Scott’s signature dorky straight man charm takes on a more somber quality in Severance. Mark agreed to undergo the procedure so he can spend eight hours a day avoiding the pain of losing his wife, but instead of healing, he predictably winds up even more broken. Outside the office, he drinks too much and picks petty fights. Inside he’s grief-stricken once again by the disappearance of his best buddy Petey (Yul Vazquez). “I’m sorry Mark. You guys were one of my favorite office friendships,” says his supervisor Milchick (Tramell Tillman), whose demeanor flashes between kindly and dangerous in a way reminiscent of an abusive psychiatric hospital orderly.

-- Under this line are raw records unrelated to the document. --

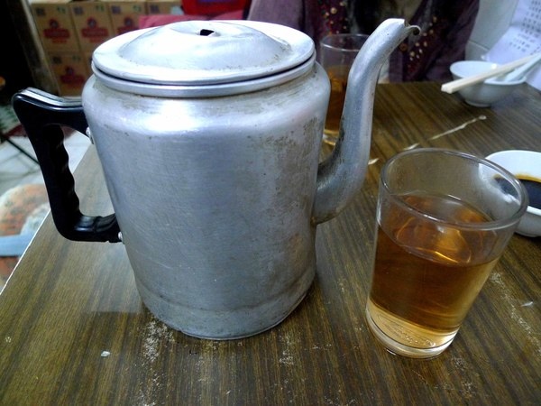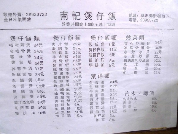 老板送上餐具和一壺熱茶,老公將熱茶倒入杯中,正準備牛飲時,被我及時制止,因為這裡的餐具看起來不是很乾淨,讓我想起以前香港僑生的同事曾教過我:熱茶要先燙洗餐具,之後才能喝!老公聽了將信將疑,看看另一桌的人已經喝掉了,不打算理我,接著聽到他們談話的口音~台灣腔,不足以參考!接著來了兩位說廣東話的中年人,老公很認真觀察他們,真的先倒一杯茶水洗餐具,然後才各倒一杯茶來喝!
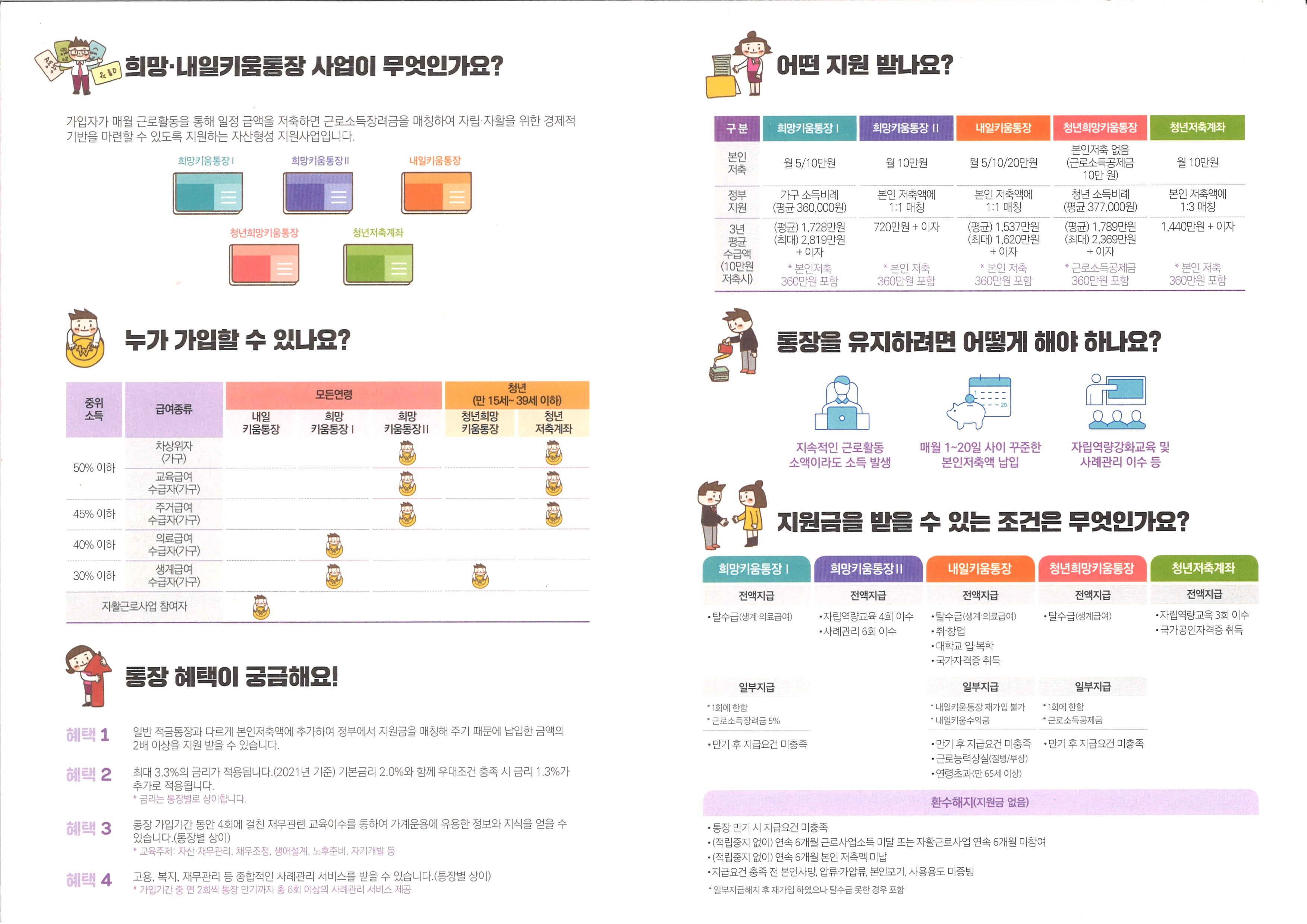 구 분 | 희망키움통장Ⅰ | 희망키움통장Ⅱ | 내일키움통장 | 청년희망키움통장 | 청년저축계좌 |
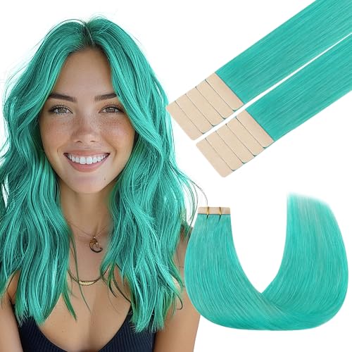 GOO GOO Tape in Hair Extensions Human Hair, Teal Green, 22inch 30g 10pcs, Colored Tape ins Human Hair Extensions, Silky&Soft Invisible Tape Ins, Hair Highlighted for Party
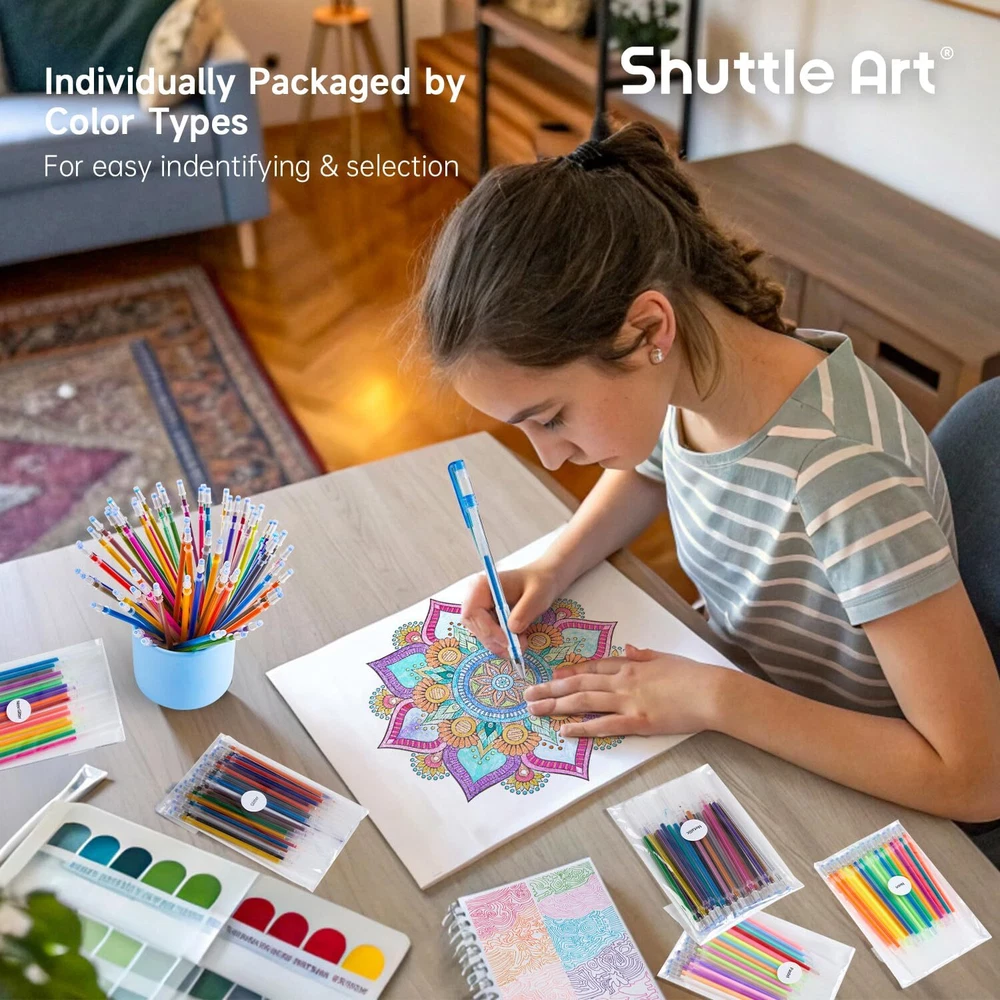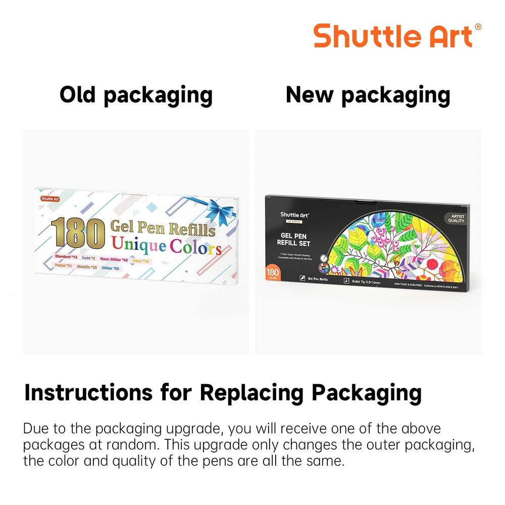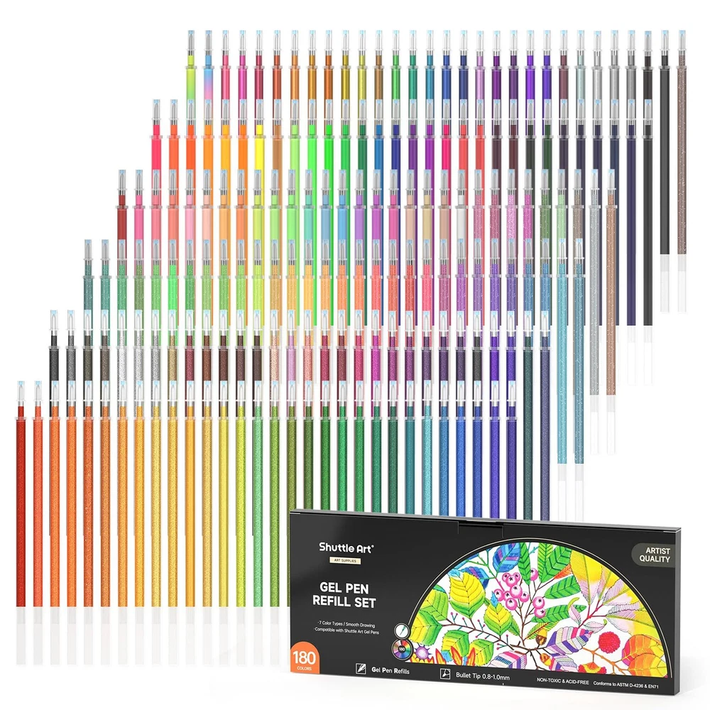 180 UNIQUE COLORS: Shuttle Art Gel Pen Refills Set has 180 unique colors, including 7 color types: glitter, neon glitter, metallic, neon, pastel, swirl, standard. Abundant colors with varied color types, fully meet your demands of coloring, writing and drawing. SMOOTH WRITING: Without skipping or bleeding, 0.8mm-1.0mm ballpoint tip can produce smooth and no skipping fine lines for coloring. And different color types are individually packaged, which makes it easier to find what you need. VARIETY OF USES: Great for bullet journaling, sketching, drawing, writing, coloring books and any other designs on Scrapbooks, School Projects, Party Invites, Greeting Cards, DIY Decor & Letters to Friends & Family. QUALITY GEL PEN REFILLS: The coloring gel pen refill set is non-toxic and acid-free. Conforms to ASTM-D4236. Definitely an ideal art supply for adults and kids. With those refills, there is no need to buy single pen. Less cost, more happiness. SERVICE GUARANTEE: Your satisfaction is our top priority, please rest assured to purchase our products. If you are not satisfied with our products or have any questions, please feel free to contact us at any time.

That comment anchors the split in tone of the show, which is in some ways as dramatic as the characters’ bisected personalities. Severance is a deeply unsettling thriller filled with long shots of the too-empty office and a creeping sense of dread about the secrets being kept there. But it also embraces the tropes of an office sitcom, particularly in the banter between the foul-mouthed Dylan (Zach Cherry), who worries the staffing change will mess with his team’s productivity, and Irving (John Turturro), an old timer who annoys his coworkers with quirky greetings and his insistence that they should be satisfied with meager rewards like a firm handshake and creamer for their coffee.

Severance’s success will be determined by the payoff of its central mysteries.

Their lines are sharply written comedy, but also provide a meta commentary on shows like The Office and Brooklyn Nine-Nine where characters have all of their most meaningful relationships in the workplace and hardly exist when off the clock. It’s a reckoning with the modern ambivalence to the idea of a company as a family, which inherently makes quitting a sort of betrayal. The Lumon employees are more like a family than most in that the innies didn’t choose to be there and can’t easily choose to leave. Severance shows just how hellish that reality is.

Every perk -- like a bizarre therapy regimen where an employee receives information about their outie that is either strangely generic or far too specific to be shared with an employer -- is used as a form of manipulation. Innies are meant to be comforted upon hiring by a recording from their outies saying that the procedure was done with their consent, but they have the feel of hostage videos. Even in their domain, the workers have precious little information or control, any attempt to step out of line being quickly crushed by Milchick or the unsettlingly folksy senior manager Harmony Cobel (Patricia Arquette).

Severance’s success will be determined by the payoff of its central mysteries, but the excellent cast, eerie visuals, and offputting score make every moment of the first two episodes feel worth the ride. If you were on the fence before, Severance will make the return to the office feel even more threatening.